Terrorists have struck eight targets in Sri Lanka, leaving more than 200 people dead and even more injured.
BBC News reports that eight explosions went off throughout the country on Sunday, with attacks occurring at churches and hotels. The death toll currently sits at 207, with 400 injuries also being reported. Of those 2017, at least nine of them were foreign nationals.
The churches hit with attacks were located in Negombo, Batticaloa and the Kochchikade district of Colombo. Many churches were in the middle of Easter services when the explosions went off.
"It's a very difficult and a very sad situation for all of us because we never expected such a thing to happen and especially on Easter Sunday," Malcolm Ranjith, Cardinal Archbishop of Colombo, told BBC News. “People went to church without knowing anything… and now many of them have been killed. I express my deepest sympathies to all those who have lost their loved ones. I would like to say that we are in solidarity with all those that are injured. I would like to make an appeal to all the people of Sri Lanka not to make a disturbance because of hearsay, [They] should wait patiently and work for peace and harmony.”
Among the targeted hotels were the Shangri-La, Kingsbury and Cinnamon Grand in the city of Columbo. Another hotel was also attacked, but its name is not yet being reported.
The remaining explosions occurred in a residential area within Colombo'sDematagoda district. Details of this particular explosion are murky, but it was believed to be the work of a suicide bomber. There was also a police raid on the site, that led to two arrests and the deaths of three security personnel members.
Authorities have arrested at least seven suspects in connection with the attacks.
Footage and photos of the scenes, which is graphic in nature, shows locals and authorities sorting through wreckage, assisting survivors and tending to the dead.
Footage of the aftermath of the explosions which have left at least 207 people dead and 450 wounded in Sri Lanka, shows the chaos and destruction wroughthttps://t.co/D5bds6FHfI pic.twitter.com/j82FXquc4R— ITV News (@itvnews) April 21, 2019
Many world leaders have reached out to Sri Lanka in their time of need, including Canadian Prime Minister Justin Trudeau and the vice president and prime minister of the United Arab Emirates, Sheikh Mohammed bin Rashid Al Maktoum.
"Absolutely horrific news from Sri Lanka," Trudeau wrote. "Canada strongly condemns the heinous attacks on Christians at churches and hotels. Our hearts [and] thoughts are with the families [and] loved ones of those killed and all those injured."
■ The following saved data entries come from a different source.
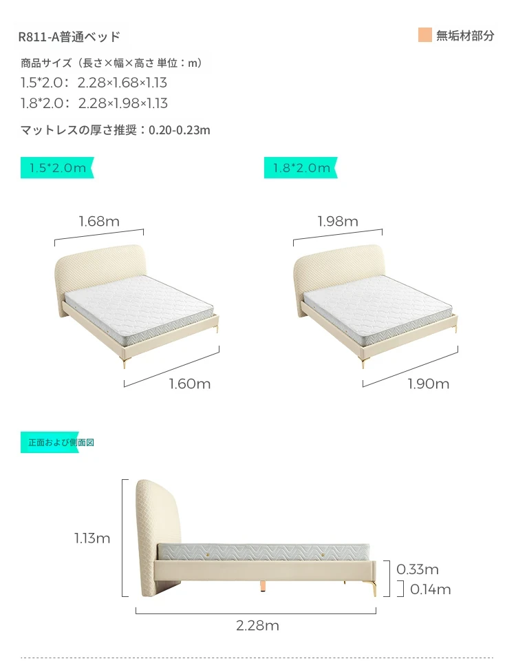【エコレザータイプ|アイボリー】R811-A収納なしベッド
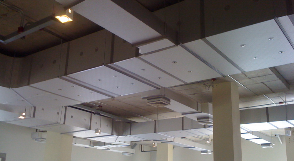 งานออกแบบและติดตั้งท่อส่งลมเย็นขนาดใหญ่สำหรับอาคารโรงงาน หรือห้างสรรพสินค้า โดยทีมช่างชำนาญงานควมคุมงานโดยวิศวกรมืออาชีพ
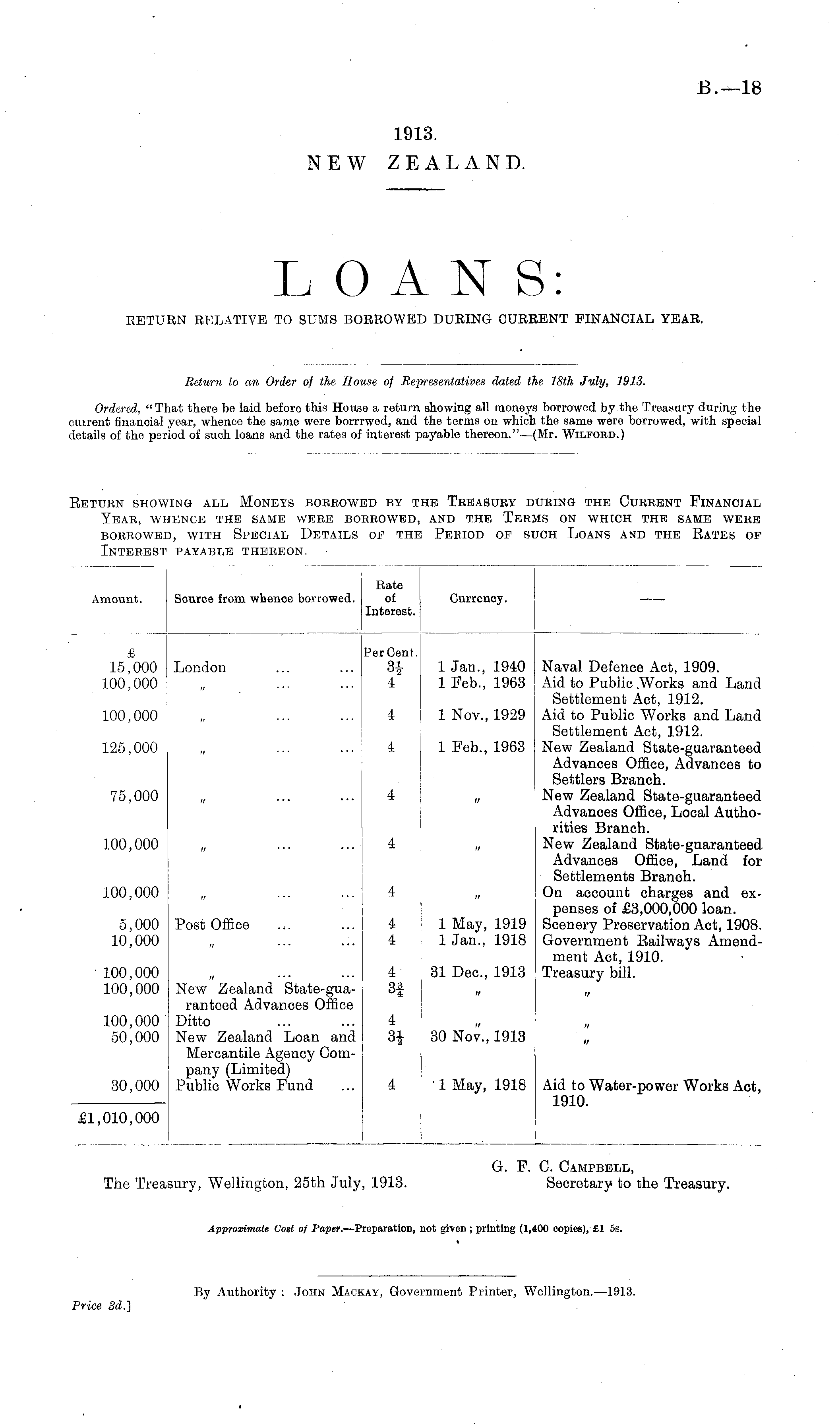 G. F. C. Campbell, The Treasury, Wellington, 25th July, 1913. Secretary to the Treasury. Approximate Cost of Paper. —Preparation, not given ; printing (1,400 copies), £1 ss.
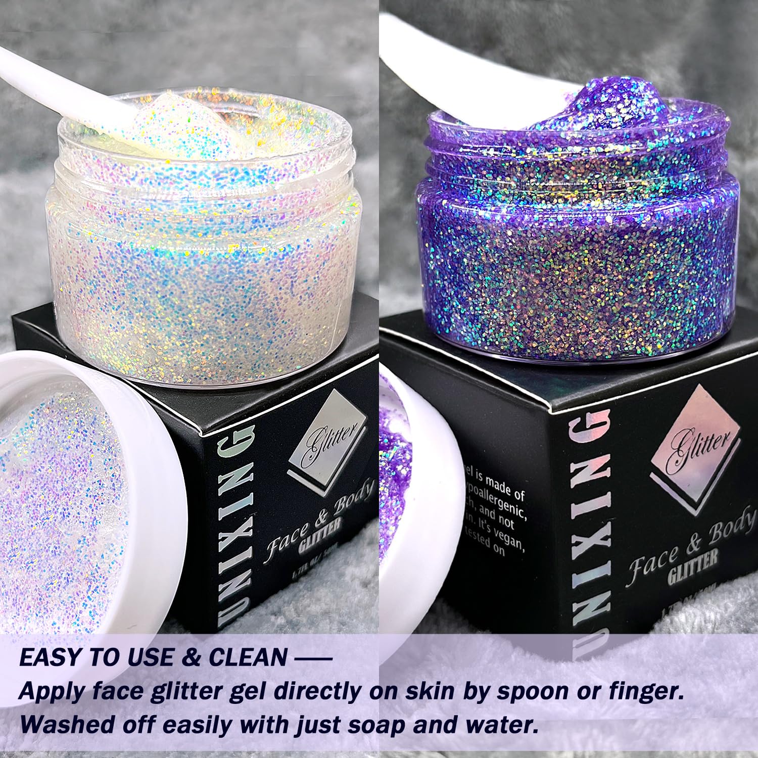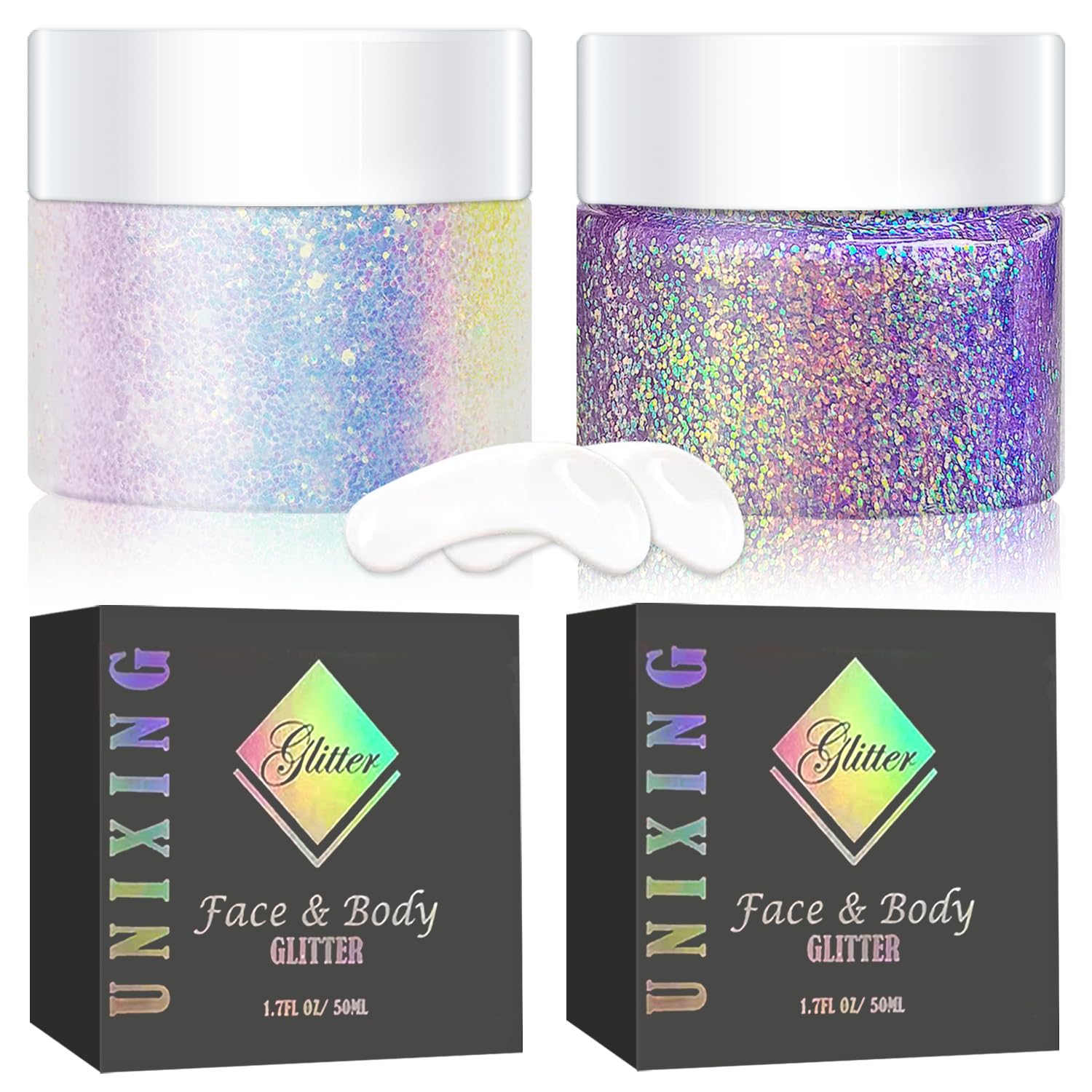 - Cosmetic-Grade Glitter Gel: Unixing holographi face and body glitter gel is made of high-quality, safe and non irritating cosmetic-grade materials. It is Vegan & Cruelty Free. the glitter is bright and color changing under light. Package contains 2 jars of body glitter gel. Each bottle contains 1.7 Oz/50ml.Color:Golden Ocean + Purple chameleon Glitter Gel

Absolutely horrific news from Sri Lanka. Canada strongly condemns the heinous attacks on Christians at churches and hotels. Our hearts & thoughts are with the families & loved ones of those killed and all those injured.— Justin Trudeau (@JustinTrudeau) April 21, 2019
Terrorists are those who betray worshippers in their places of worship, plant fear in their hearts and try to ignite religious conflicts in societies. Our condolences to the people of Sri Lanka, to the world and to everyone who works tirelessly towards tolerance and coexistence. pic.twitter.com/w1Kw5L489N— HH Sheikh Mohammed (@HHShkMohd) April 21, 2019
Al Maktoum wrote, "Terrorists are those who betray worshippers in their places of worship, plant fear in their hearts and try to ignite religious conflicts in societies. Our condolences to the people of Sri Lanka, to the world and to everyone who works tirelessly towards tolerance and coexistence."